Cosa sono le benzodiazepine? Le benzodiazepine sono la famiglia di farmaci psicoattivi per eccellenza rispetto al trattamento dell'ansia . Sebbene ci siano anche tipi di benzodiazepine classificate nel gruppo ipnotico, poiché a dosi elevate hanno un effetto ipnotico-sedativo. La sua scoperta nei primi anni sessanta, è stata un grande progresso per il trattamento dell'ansia, perché il farmaco di scelta per i disturbi d'ansia erano i barbiturici, un gruppo farmacologico ad alto rischio a causa della breve distanza tra un dose sicura e dose tossica. Pertanto, sono rapidamente diventati il farmaco di prima scelta per i disturbi d'ansia e utilizzato anche come farmaco ipnotico.

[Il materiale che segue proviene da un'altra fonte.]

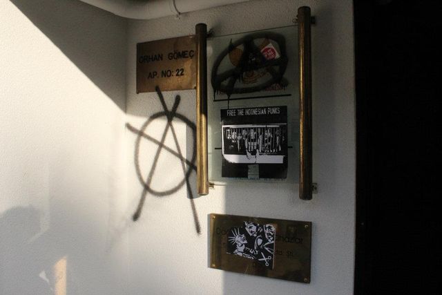 On the 25th of December at 3:00 in the afternoon, as a sign of solidarity with the “Aceh 64”and as a reaction to this ultra-repressive measure of the Indonesian state, 30 punks and anarchist activists attacked and defaced the outside walls of the “Indonesian Consulate General” located at “Seneryildizi Sokak, No. 22/11 Etiler” in Istanbul, Turkey.

Questo gruppo farmacologico ha la proprietà di rilassare chi lo prende e sebbene la sua azione principale sia contro l'ansia, il suo uso è applicato anche come miorilassante, sedativo ipnotico e anticonvulsivante. Tuttavia, sebbene sia un gruppo farmacologico che funziona molto bene, come tutti i farmaci, le benzodiazepine hanno effetti collaterali e rischi che la persona deve conoscere. Le benzodiazepine sono un gruppo farmacologico molto sicuro, tuttavia se la loro somministrazione è prolungata, possono causare dipendenza e tolleranza .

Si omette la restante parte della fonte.